Hampir dua minggu lamanya aku berada di rumah sakit ini. Karena keadaan ku sudah pulih, aku pun di perbolehkan untuk pulang. Walau aku belum bisa berjalan dengan sempurna dan harus memakai tongkat.
Hidup ku kini suram sekali rasanya, aku sangat depresi karena tidak bisa bermain basket lagi. Aku tidak bisa meraih mimpiku menjadi seorang altet basket.
Hari ini begitu panas, matahari seperti mengeluarkan seluruh panas yang ia punya. Akan tetapi aku bersikeras memaksakan diri dengan menggunakan tongkat untuk pergi menuju lapangan basket yang terdapat tak jauh dari rumahku. Aku pergi tanpa terlebih dahulu meminta izin kepada ibu.

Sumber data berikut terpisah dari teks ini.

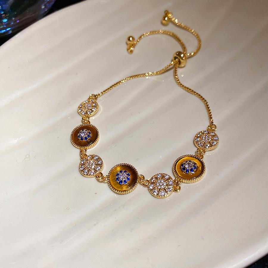 18K Gold Plated Geometric Tiger's Eye Bracelet with Zircon, Vintage Autumn Winter Style, Light Luxury Jewelry.
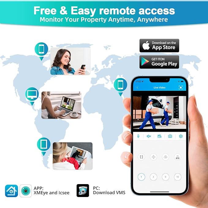- 【Convenient Operation Experience】You can quickly complete various settings, such as video mode adjustment, channel management, playback search, and more. In addition, our 24/7 recording security camera also supports remote access function, you can view real-time surveillance pictures and video playback through mobile phones, computers and other devices in any place with a network connection, without worrying about geographical restrictions, and will not miss any wonderful moments.
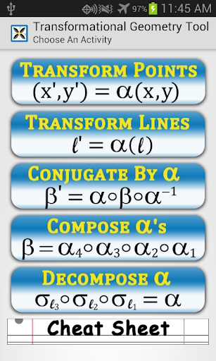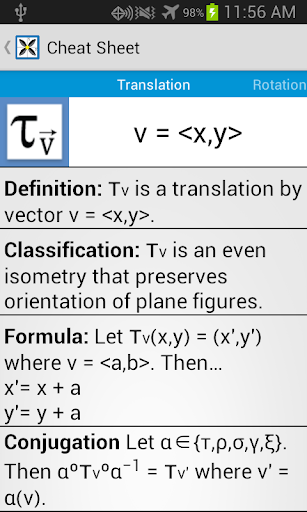 The app also features a "Cheat Sheet" activity to help you learn definitions, formulas, and transformation properties.
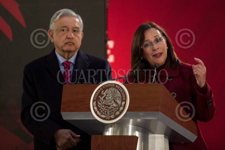 CIUDAD DE MÉXICO, 16ENERO2019.- Rafael Ojeda, secretario de Marina; Andrés Manuel López Obrador, presidente de México; Luis Cresencio Sandoval, secretario de la Defensa Nacional; Rocío Nahle, secretaria de Energía, y Ricardo Peralta Saucedo, titular de Administración General de Aduanas y de Comercio Exterior, durante su conferencia de prensa mañanera para dar de los avances y estrategias en operación para evitar el robo de hidrocarburos. FOTO: GALO CAÑAS /CUARTOSCURO.COM
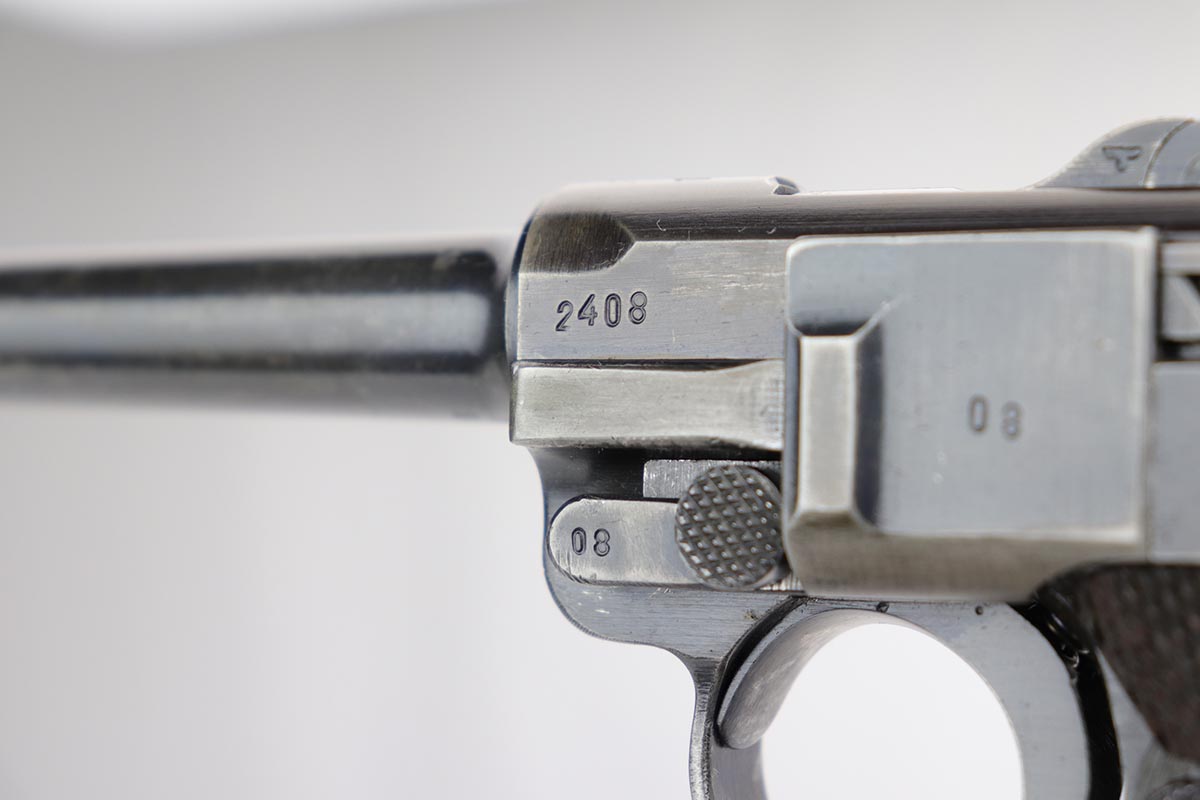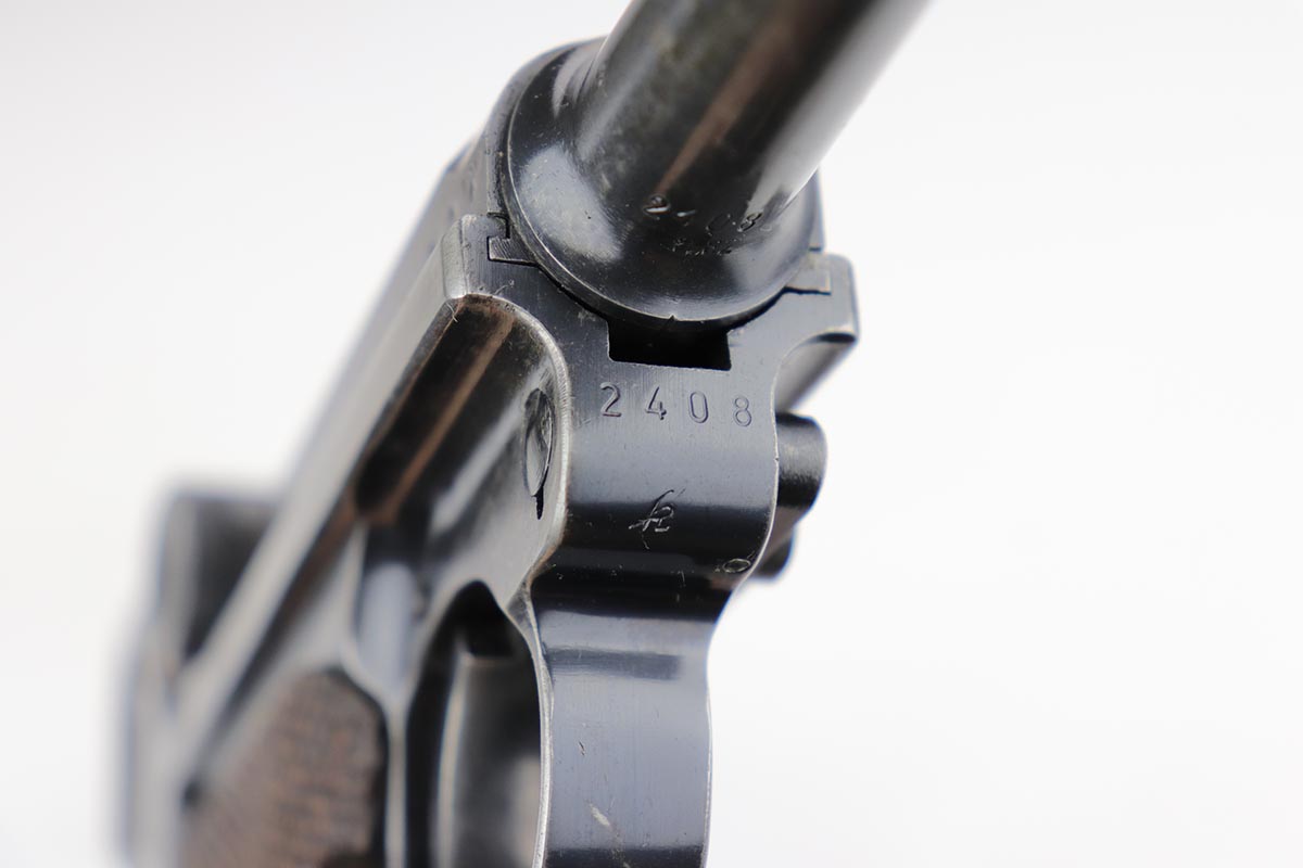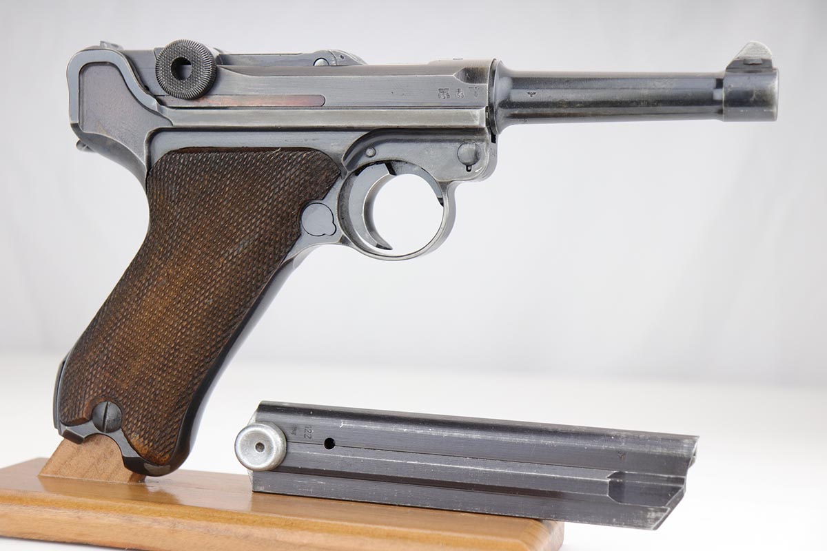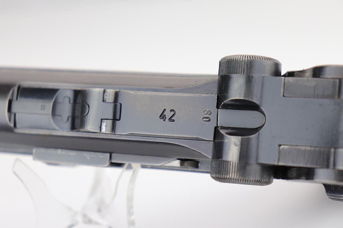 12/27/19 – This is an all matching and original Mauser Luger from 1940. The blue rates at maybe 90%, with some finish loss on the sides of the barrel, side plate and straps. There are also a few areas of patination. Grips are E/655 proofed but not numbered. Magazine is period original but mismatched. Excellent bore.

Sesampainya di lapangan, air mata ku menetes lagi. Ingin rasanya berteriak. Namun tiba-tiba payung putih itu melindungi ku lagi, sehingga aku terlindung dari panasnya matahari siang itu.

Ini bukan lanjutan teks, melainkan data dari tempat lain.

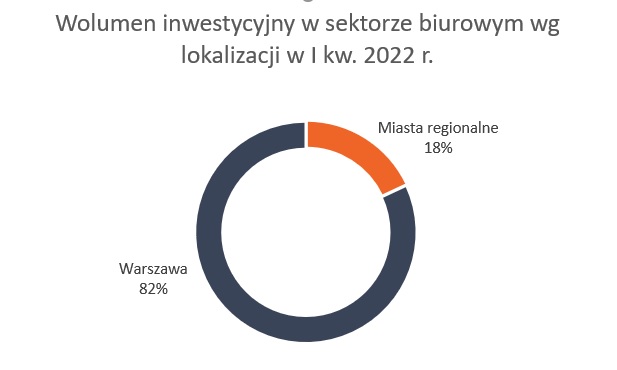 Udział sektora biurowego w całkowitym wolumenie rynku inwestycyjnego w I kwartale 2022 roku wyniósł 44%.
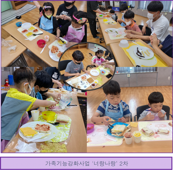 목록 2022년 가족기능강화사업 "너랑나랑" 2차 페이지 정보 운영자 조회 1,034 입력 2022-06-28 10:03 댓글 0 본문 2022년 6월 25일(토) 가족기능강화사업 너랑나랑 프로그램이 2차 진행되었습니다. 장애비장애형제자매가 함께 모여 쿠키와 샌드위치를 만들며 즐거운 시간을 보냈습니다.대림대학교 사회복지학과 학생들의 봉사활동으로 지역사회와 협력하고, 가족끼리 더 단단해지는 시간이었습니다. 목록 이전글2022년 1차 공동생활가정 부모간담회 2022.06.28 다음글2022년 직업지원팀 1차 훈련생 성교육 2022.06.27 댓글 0 댓글목록 등록된 댓글이 없습니다.
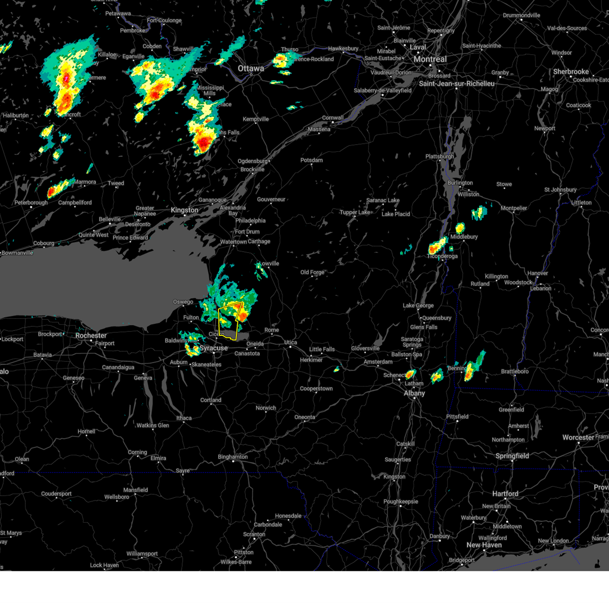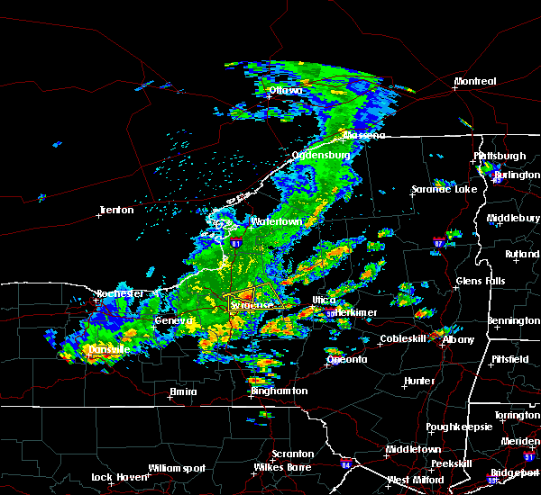 At 1230 am edt, a severe thunderstorm was located near clyde, or 11 miles north of seneca falls, moving northeast at 65 mph (radar indicated). Hazards include 60 mph wind gusts. Expect wind damage to trees and power lines. locations impacted include, fulton, clyde, central square, weedsport, cato, hastings, constantia and west monroe. this includes the following highways, interstate 90 near exit 40. Interstate 81 near exit 32.
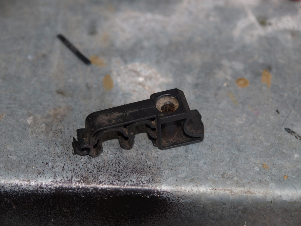 Diese Klammer hier (irgendwann mal von irgendeinem Wagen abgebrochen und liegengeblieben) habe ich dann noch zum Halter für die Leitung zum Bremskraftverstärker und den Gaszug umfunktioniert und an die entsprechende Stelle an der Alubrücke geschraubt. Dateianhang:

Mengapa wanita itu selalu datang dan melindungiku? Ia selalu melindungiku dengan payung putih itu, di kala hujan maupun panas.
Ia selalu berkata “Semangat Gia!”  dengan tersenyum dan kemudian pergi secepat kilat. Bahkan sampai saat ini aku belum mengetahui siapa ia sebenarnya.

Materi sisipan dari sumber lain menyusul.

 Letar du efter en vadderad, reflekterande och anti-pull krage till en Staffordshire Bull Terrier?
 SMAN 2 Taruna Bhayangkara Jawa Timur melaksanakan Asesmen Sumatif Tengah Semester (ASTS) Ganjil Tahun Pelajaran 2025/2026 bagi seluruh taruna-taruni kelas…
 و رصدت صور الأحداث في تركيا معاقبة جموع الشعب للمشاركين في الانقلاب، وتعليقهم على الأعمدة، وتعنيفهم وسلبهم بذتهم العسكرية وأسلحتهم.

Karena penasaran, aku menahan tangan wanita itu, kali ini ia tidak bisa pergi lagi dariku. Aku menanyakan padanya, siapa ia sebenarnya. Ia pun akhirnya memberitahu identitasnya.
Ternyata namanya adalah Melati, namanya sama seperti nama bunga favorite ku. Ia adalah anak dari seorang laki-laki yang menabrak dan menyebabkan diriku menjadi seperti ini.
Ia bercerita bahwa saat itu ayahnya sedang dalam emosi karena bertengkar dengan ibunya, sehingga pergi membawanya dengan mobil yang melaju kencang. Dan tanpa disengaja menabrak diriku. Namun kini ayahnya sudah mendekam di penjara akibat perbuatannya.
Melati merasa amat bersalah kepadaku, terlebih di saat ia mengetahui bahwa kini aku tidak bisa berjalan sempurna seperti sedia kala. Ia selalu mengunjungiku di rumah sakit secara diam-diam. Payung putih itu adalah payung kesayangan nya, sehingga ia selalu membawa nya kemana pun ia pergi.
Ia meminta maaf kepadaku atas kesalahan ayahnya. Ia menangis karena nasib keluarganya yang berantakan. Hatiku seakan terketuk, aku merasa iba kepadanya. Aku sudah memaafkan kesalahan ayahnya, bahkan sebelum ia meminta maaf kepadaku. Aku memeluk Melati dengan erat.
Setelah kejadian itu, kini Melati adalah sahabatku. Kami selalu menghabiskan waktu bersama.  Melati juga membantu ku untuk bisa kembali berjalan, sampai akhirnya aku bisa berjalan tanpa harus menggunakan tongkat lagi. Walau aku harus berberat hati menerima kenyataan bahwa aku tetap tidak bisa bermain basket dan meraih mimpiku menjadi seorang atlet basket.